ASSIGNMENT: The data below should be retyped exactly, with the pictures left out.

DATA BLOCK:
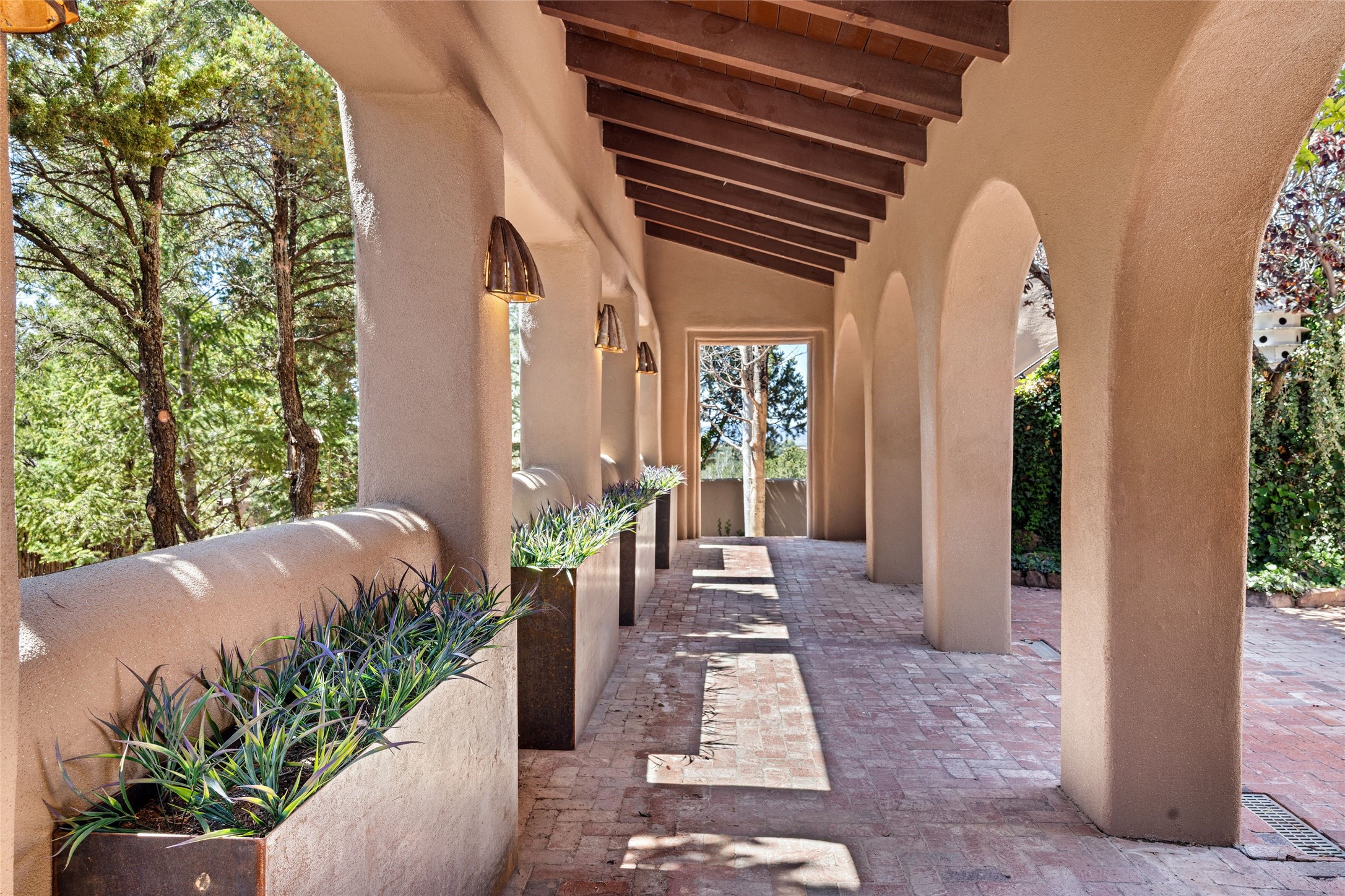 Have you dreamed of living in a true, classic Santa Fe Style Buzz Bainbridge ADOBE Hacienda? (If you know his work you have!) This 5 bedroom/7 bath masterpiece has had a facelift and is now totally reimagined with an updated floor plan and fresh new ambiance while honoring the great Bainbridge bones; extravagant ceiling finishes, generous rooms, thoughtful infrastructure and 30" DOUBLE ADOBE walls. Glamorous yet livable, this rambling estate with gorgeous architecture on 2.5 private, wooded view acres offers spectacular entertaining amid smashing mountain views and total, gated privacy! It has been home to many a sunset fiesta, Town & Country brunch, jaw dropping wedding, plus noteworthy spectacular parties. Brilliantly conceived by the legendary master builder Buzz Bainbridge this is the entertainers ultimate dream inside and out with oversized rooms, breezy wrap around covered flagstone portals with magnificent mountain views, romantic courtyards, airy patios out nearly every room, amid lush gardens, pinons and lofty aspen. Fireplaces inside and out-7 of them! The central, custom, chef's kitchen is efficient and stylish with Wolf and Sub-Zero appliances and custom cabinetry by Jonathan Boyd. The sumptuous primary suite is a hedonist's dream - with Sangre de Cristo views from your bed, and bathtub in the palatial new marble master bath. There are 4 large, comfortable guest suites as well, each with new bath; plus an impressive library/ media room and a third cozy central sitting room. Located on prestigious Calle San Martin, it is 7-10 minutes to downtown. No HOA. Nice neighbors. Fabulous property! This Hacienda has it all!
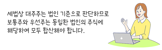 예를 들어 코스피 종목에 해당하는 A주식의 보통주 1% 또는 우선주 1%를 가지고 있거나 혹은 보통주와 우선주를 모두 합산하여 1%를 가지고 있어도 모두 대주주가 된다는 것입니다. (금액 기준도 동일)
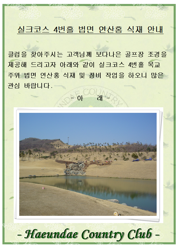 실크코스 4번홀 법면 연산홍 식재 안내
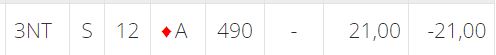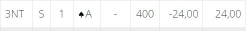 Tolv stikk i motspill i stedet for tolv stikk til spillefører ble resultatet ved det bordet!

REPLY TO THE TASK:
 Have you dreamed of living in a true, classic Santa Fe Style Buzz Bainbridge ADOBE Hacienda? (If you know his work you have!) This 5 bedroom/7 bath masterpiece has had a facelift and is now totally reimagined with an updated floor plan and fresh new ambiance while honoring the great Bainbridge bones; extravagant ceiling finishes, generous rooms, thoughtful infrastructure and 30" DOUBLE ADOBE walls. Glamorous yet livable, this rambling estate with gorgeous architecture on 2.5 private, wooded view acres offers spectacular entertaining amid smashing mountain views and total, gated privacy! It has been home to many a sunset fiesta, Town & Country brunch, jaw dropping wedding, plus noteworthy spectacular parties. Brilliantly conceived by the legendary master builder Buzz Bainbridge this is the entertainers ultimate dream inside and out with oversized rooms, breezy wrap around covered flagstone portals with magnificent mountain views, romantic courtyards, airy patios out nearly every room, amid lush gardens, pinons and lofty aspen. Fireplaces inside and out-7 of them! The central, custom, chef's kitchen is efficient and stylish with Wolf and Sub-Zero appliances and custom cabinetry by Jonathan Boyd. The sumptuous primary suite is a hedonist's dream - with Sangre de Cristo views from your bed, and bathtub in the palatial new marble master bath. There are 4 large, comfortable guest suites as well, each with new bath; plus an impressive library/ media room and a third cozy central sitting room. Located on prestigious Calle San Martin, it is 7-10 minutes to downtown. No HOA. Nice neighbors. Fabulous property! This Hacienda has it all!
 예를 들어 코스피 종목에 해당하는 A주식의 보통주 1% 또는 우선주 1%를 가지고 있거나 혹은 보통주와 우선주를 모두 합산하여 1%를 가지고 있어도 모두 대주주가 된다는 것입니다. (금액 기준도 동일)
 실크코스 4번홀 법면 연산홍 식재 안내
 Tolv stikk i motspill i stedet for tolv stikk til spillefører ble resultatet ved det bordet!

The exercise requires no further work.